Map was plotted in R on a base layer derived from the openAFRICA “Africa Shapefiles” dataset: https://open.africa/dataset/africa-shapefiles/resource/dcdadd25-0137-4c93-ae5a-82b39d424d60, released under a Creative Commons 4.0 International License.

https://doi.org/10.1371/journal.pntd.0014072.g001

Mosquitoes

During the literature review conducted in February–March 2024, we collated the main vector species implicated in virus epidemiology, ranking them by evidence and viral detections (S1 Table). However, the final selection of the vectors to use as predictors was constrained to those that fulfilled the former criteria but also had robust presence points in Africa sufficient to generate vector niche models that could be applied in the virus models. In Africa, WSLV has been detected in multiple Aedes species including Ae. caballus, Ae. juppi, Ae. circumluteolus, Ae. mcintoshi, Ae. luridus, Ae. vexans, Ae. unidentatus, Ae. gibbinsi and Ae. tricholabis as well as Ma. uniformis, An. coustani and Culex species. [4,8–10]. Of the 154 WSLV detections we identified, 44 were from mosquitoes, with at least 12 different species. Ae. vexans (7) had the highest detections, followed by Ae. circumluteolus (6) and Ae. mcintoshi (4) (S1 Table). Vector modeling was restricted to Ae. circumluteolus and Ae. mcintoshi, which are consistently identified as the primary enzootic vectors and as the epizootic vectors associated with livestock outbreaks and floodwater-driven transmission across Africa [3,9,13,51].

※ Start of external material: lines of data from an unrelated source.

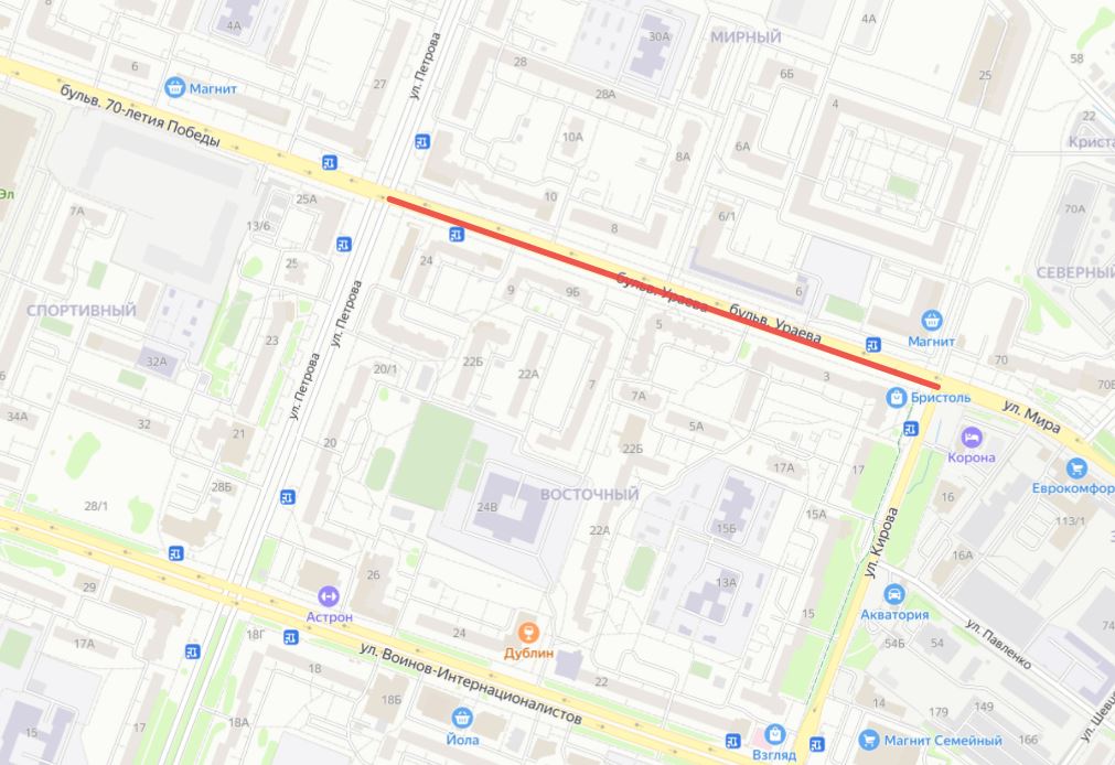 по бульвару Ураева от улицы Петрова до Кирова – с 12 по 13 января;
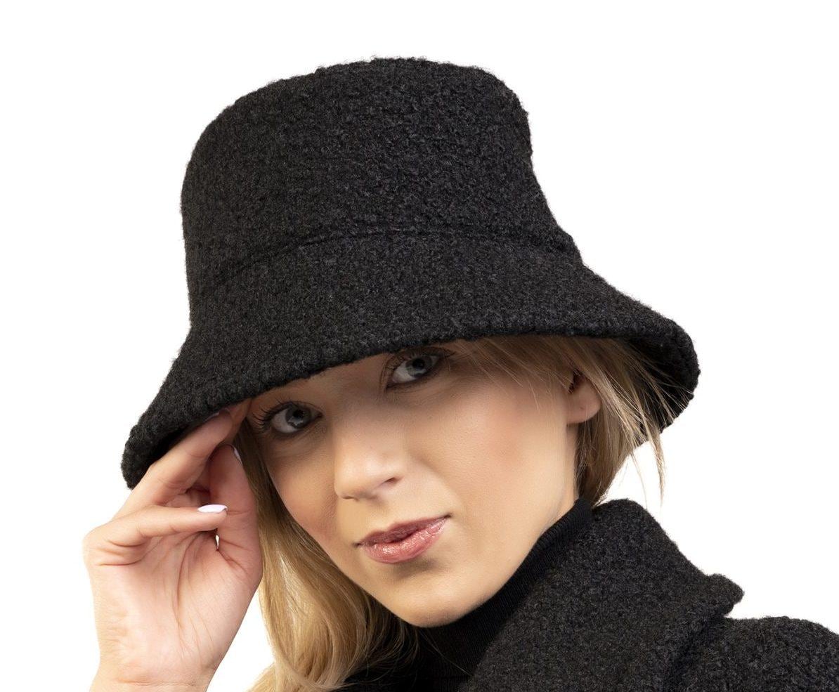 "Jet Black Winter Wool Bucket Hat Classic and Elegant, this Bucket Hat is made of Wool Boucle, ...
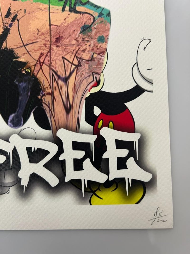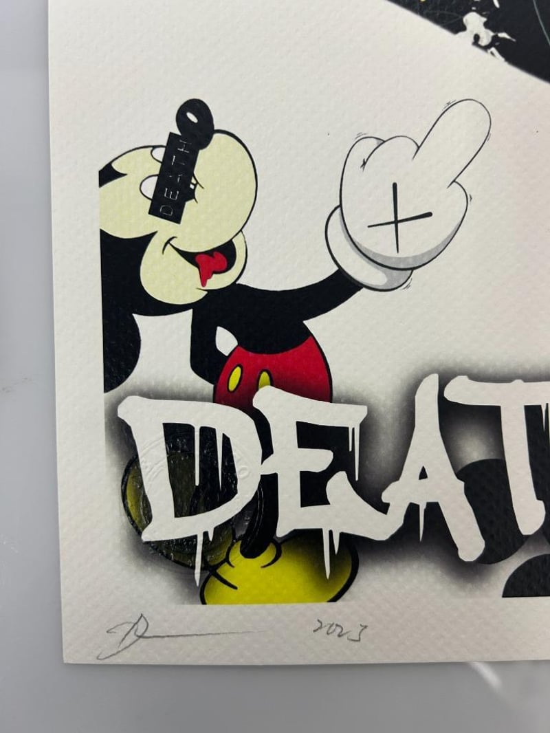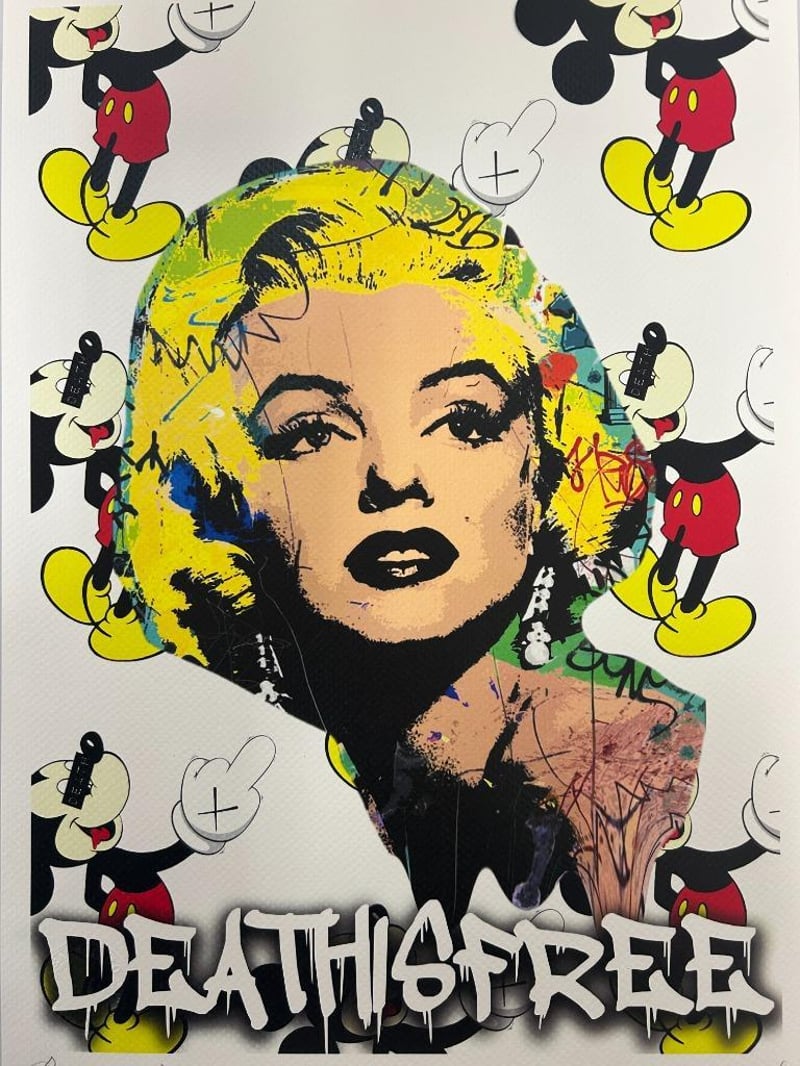 DEATH NYC SIGNED STREET ART PRINT 'MARILYN/MICKEY STYLE' LIMITED EDITION, SIGNED LOWER LEFT, NUMBER 83/100 LOWER RIGHT, 300 MGS FINE ART PAPER, EMBOSSED WATERMARK LOWER LEFT IN IMAGE, IMAGE MEASURES 41.9X 29.6CM, TOTAL SHEET MEASURES 45 X 32CM. CERTIFICATE OF AUTHENTICITY PROVIDED BY DEATH NYC.
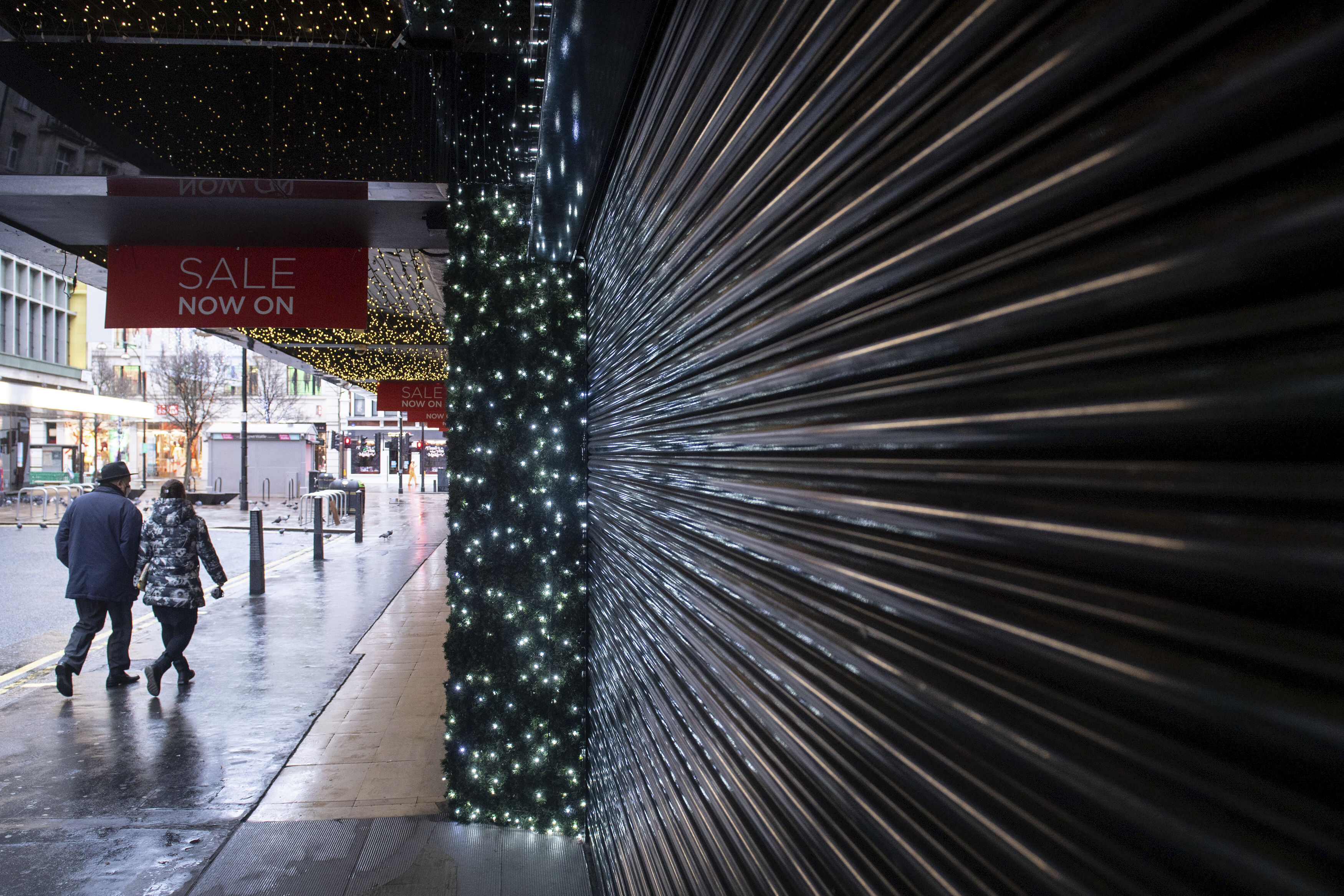 12月21日,行人從英國倫敦牛津街關閉的店鋪前經過。美聯社
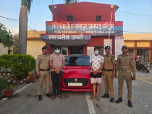 कोतवाली श्याम पुर पुलिस ने मंगलवार को लाहडपुर पुलिस चैकपोस्ट पर चेकिंग करते हुए लाल रंग की कार को रोका तो कार में तीन युवक सवार थे पुलिस ने कार की चेकिंग की तो कार के शीशो पर काली फिल्म व कार पर हुटर लगाकर चल रहे थे पुलिस ने उनसे पूछताछ की तो संतोषजनक उत्तर नहीं दे पाए पुलिस ने कार स०DL2CBB3257 के शीशो से काली फिल्म व हुटर हटवा कर कार सहित तीनों युवकों को थाना श्यामपुर लेकर आयी। पूछताछ में उन्होंने अपना नाम विनीत 23 वर्षपुत्र आनंद त्यागी निवासी बनेड़ा खुर्द गाजियाबाद , पियूष त्यागी22 वर्ष पुत्र महेश चंद त्यागी निवासी राहिद्रा जनपद मेरठ, शिवम त्यागी 28वर्ष पुत्र कुलदीप त्यागी निवासी रेंद्र जनपद मेरठ बताया।
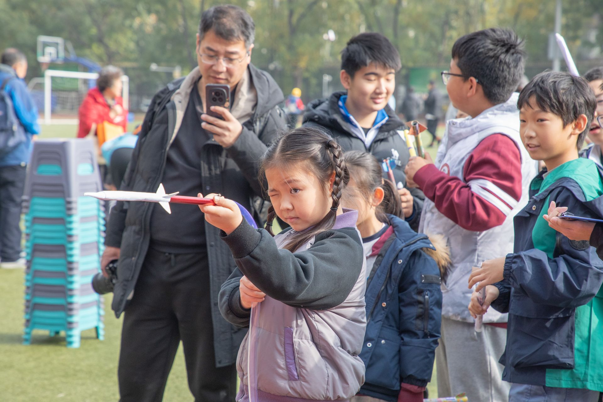 与此同时,竞技场上则是另一番专注景象。气动火箭、纸飞机标靶、橡筋动力模型飞机等11项竞赛激烈进行。选手们屏息凝神,调试、瞄准、发射……每一次成功的飞行,都伴随着欢呼与掌声,这是理论与实践最直接的碰撞。

Multiple Culex species (e.g., Cx. pipiens, Cx. torrentium, Cx. univittatus, Cx. perexiguus, Cx. quinquefasciatus, Cx. modestus), as well as Culiseta morsistans and, less consistently, certain Aedes and Anopheles taxa have been reported infected with or competent for SINV [17,24,25,52]. Although many Culex species are implicated as vectors, SINV isolations are dominated by Cx. univittatus and Cx. pipiens in Africa, while in Europe Cx. torrentium/Cx. pipiens, Cx. perexiguus, Culiseta morsistans, Ae. cinereus and Ae. Ochlerotatus caballus play important roles [17,24,53,54]. Of the 109 SINV presence points we identified, 44 were from at least 17 different mosquito hosts; these were dominated by the Culex genus (31), featuring multiple species, led by Cx. univittatus (15) and Cx. pipiens (4) (S1 Table). Therefore, we selected Cx. univittatus and Cx. pipiens as focal vectors.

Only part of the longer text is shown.